The 1952 United States Senate election in New York was held on November 4. Incumbent Republican Senator Irving M. Ives was re-elected to a second term in office over Democrat John Cashmore with a then-record margin of victory.

==Democratic nomination==
===Candidates===
- John Cashmore, Brooklyn Borough President
- Stanley W. Church, Mayor of New Rochelle
- Peter J. Crotty, former President of the Buffalo City Council
- Edward H. Foley Jr., Undersecretary of the Treasury
- W. Averell Harriman, Director of the Mutual Security Agency and former U.S. Secretary of Commerce (1946–48)
- Donald W. Kramer, Mayor of Binghamton
- Robert F. Wagner Jr., Manhattan Borough President

===Convention===
The Democratic State Convention was held at the Commodore Hotel in Manhattan on August 28. A welcoming speech was delivered by Mayor Vincent Impellitteri. Before the candidates were announced, presidential candidate Adlai Stevenson II addressed the delegates. John Cashmore was nominated on the first ballot. He overcame five avowed candidates, including Manhattan Borough President Robert F. Wagner Jr., who had been the favorite for the seat only weeks before.

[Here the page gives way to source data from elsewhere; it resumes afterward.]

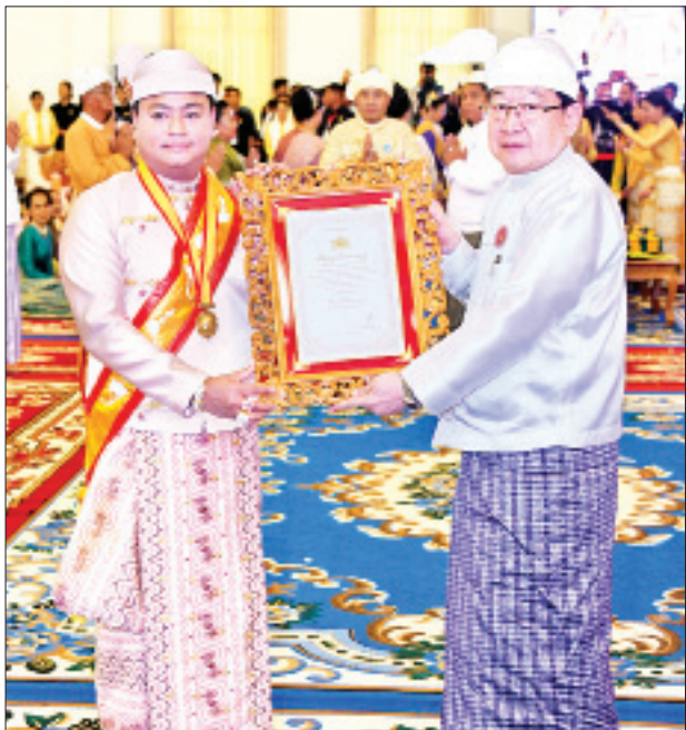
ပြည်သူ့လွှတ်တော်ဥက္ကဋ္ဌ ဦးတိစ္ဆာန်မြတ် သီရိသုဓမ္မမဏိဇောတဓရ ဘွဲ့တံဆိပ်ရ ဦးကျော်သူအား ဘွဲ့တံဆိပ်နှင့် အဆောင်အယောင်များ ပေးအပ် ချီးမြှင့်စဉ်။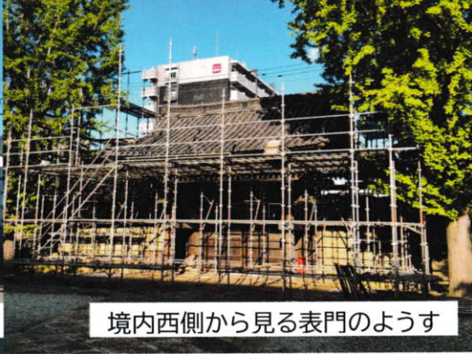
境内西側から見る表門のようす

当会活動拠点のひとつである船場本徳寺では、大玄関・表門・本堂の修復工事が順次行われています。大玄関の修復を終え、9月より表門の修復工事が始まっています。解体を伴う作業のために表門全体に足場が組まれており、見慣れた山門風景は暫く見る事ができなくなりました。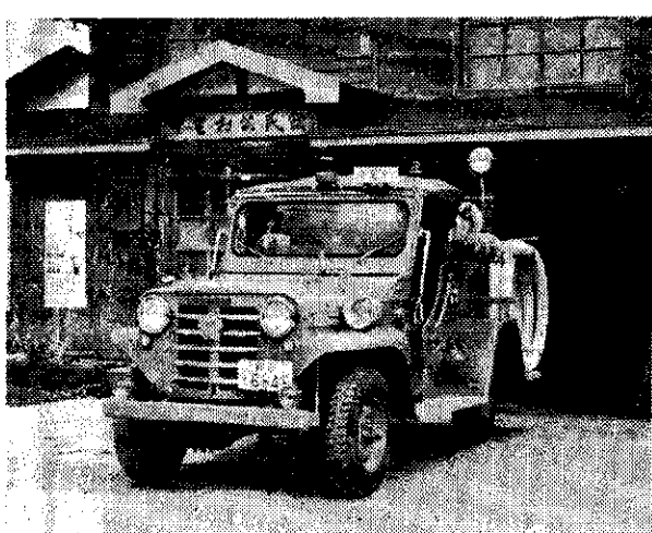
消防自動車新台入 ＝価格165万円＝

兎に角個人々々が確固たる政治的見解を確立し、現実政治や政党に対して毅然たる批判をできる段階になつた時、我々の社会は、もつともつとよい政治が行なわれることになるだろう。社会教育機関としての公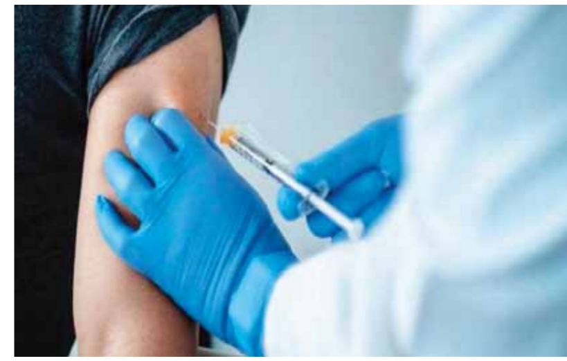
٦ شائعات تبث الخوف من اللقاح

شهادة التطعيم شرط دخول المصالح الحكومية من الشهر المقبل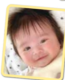
めっちゃん ニコニコ笑顔 元気いっぱい 育ってね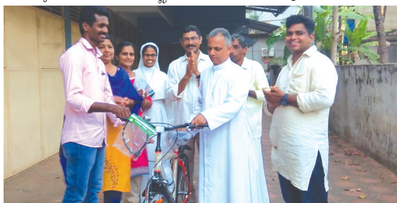
കാഞ്ഞങ്ങാട് മേഖല സൈക്കിൾ വിതരണം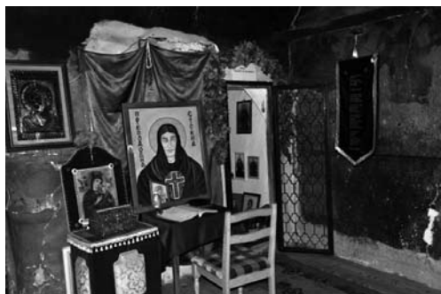
Fot. 2. Balkon, wejście do pokoju Stojny, zeszyt z modlitwami do Stojny

oddziaływać z daleka (fot. 4). W przed-sionku znajduje się zeszyt z modlitwami i prośbami do Stojny (fot. 2). Na balkonie świątyni można przenocować, korzystając z koców i poduszek ustawionych w sto-sach w tym celu. Charakterystyczną cechą balkonu są malowidła ścienne z półnągą kobietą i nietypowe przedstawienia dia-błów w scenach rodzajowych (fot. 18,19), wskazywane jako jedyne takie wyobraż-enia w chrześcijańskich świątyniach.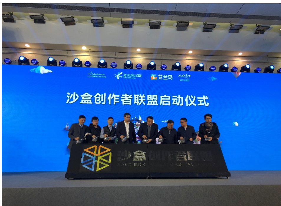
图 3 沙盒创作者联盟启动仪式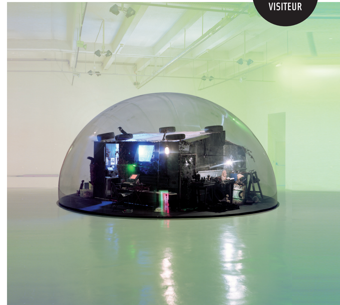
Danger zone , 2011. Techniques mixtes, hauteur : 350 cm (hauteur) x 700 cm (diamètre). Collection Claudine et Jean-Marc Salomon. Photo : Anne et Patrick Poirier. © ADAGP, Paris 2016.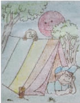
小记者:张茗 编号:161139 学校:周口闫庄小学五(2)班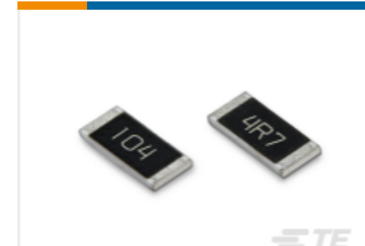
TE 产品编号2-2176455-5 CPF 0402 7R5 0.1% 25ppm 1K RL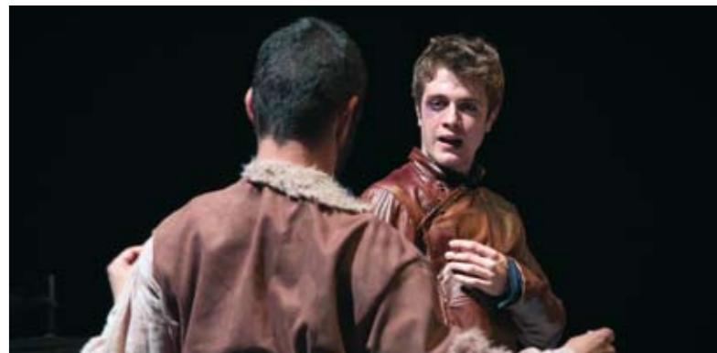
El rufián dichoso

Una vez en México, Cristóbal de la Cruz conoce a Ana de Treviño, una mujer que rechaza confesarse en su lecho de muerte ya que fue tentada por diversos demonios. Fray Cristóbal de la Cruz ayuda a que Ana de Treviño se convierta y se salve, consiguiendo así él mismo la santidad y ascender a los cielos aplaudido por los cristianos.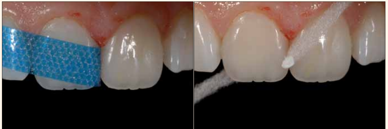
Figura 23A y 23B. Pulido interproximal con las tiras Epitex (GC) y la pasta Enamelize y Super-Floss (Oral-B).

El reto de la restauración radica no sólo en encontrar el color adecuado, sino que también conlleva un equilibrio entre la translucidez y la opacidad. El objetivo de este caso clínico es presentar, paso a paso, la reconstrucción directa de dos incisivos centrales superiores fracturados utilizando el sistema Amaris (VOCO). Para ello, se hace especial hincapié en el concepto de estratificación con resinas compuestas, tanto en el acabado como en el pulido, con el fin de lograr naturalidad en las restauraciones. ■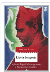
LLUVIA DE AGOSTO ALVAREZ, FRANCISCO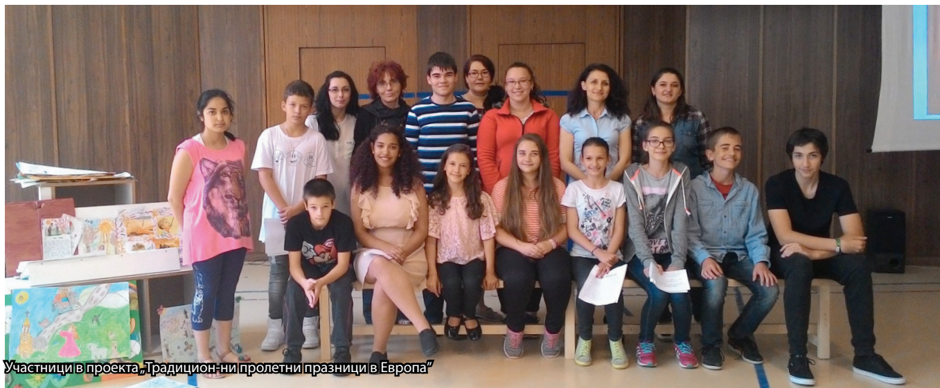
Участници в проекта „Традиционни пролетни празници в Европа“

На 13.06.2016 год. в БСОУ „Д-р П. Берон“ се проведе финалното представяне на творбите на всички участници в проекта „Традиционни пролетни празници в Европа“ от програмата Еразъм+, която се осъществи съвместно с Българското училище „Азбука“ в Дъблин, Българското училище за роден език в Будапеща и Българското училище „Кирил и Методий“ в Париж. В продължение на две години таланти деца с желание и жив интерес към пролетните празници в България и Чехия участваха в проведените три конкурса за създаване на есе, стихотворение, съчинение, рисунка, компютърна презентация и др. Авторите на най-сполучливите творби бяха наградени с пътуване до Париж, Дъблин и Будапеща, където имаха възможност да представят своите творения на децата от другите български училища в Европа. Днес те споделиха оригиналните си реализирани идеи пред останалите ученици от БСОУ.

Cashmore also rejected a last-minute proposal by party chairman Paul E. Fitzpatrick that he and the other leading candidates would withdraw in an effort to draft W. Averell Harriman into the race. Harriman had recently been an unsuccessful candidate for the Democratic nomination for president and had publicly stated he would not run for Senator. However, Fitzpatrick believed that the Liberal Party, which openly preferred Harriman or Wagner, would refuse to support Cashmore. Cashmore, certain of his chances even without Liberal support, declined.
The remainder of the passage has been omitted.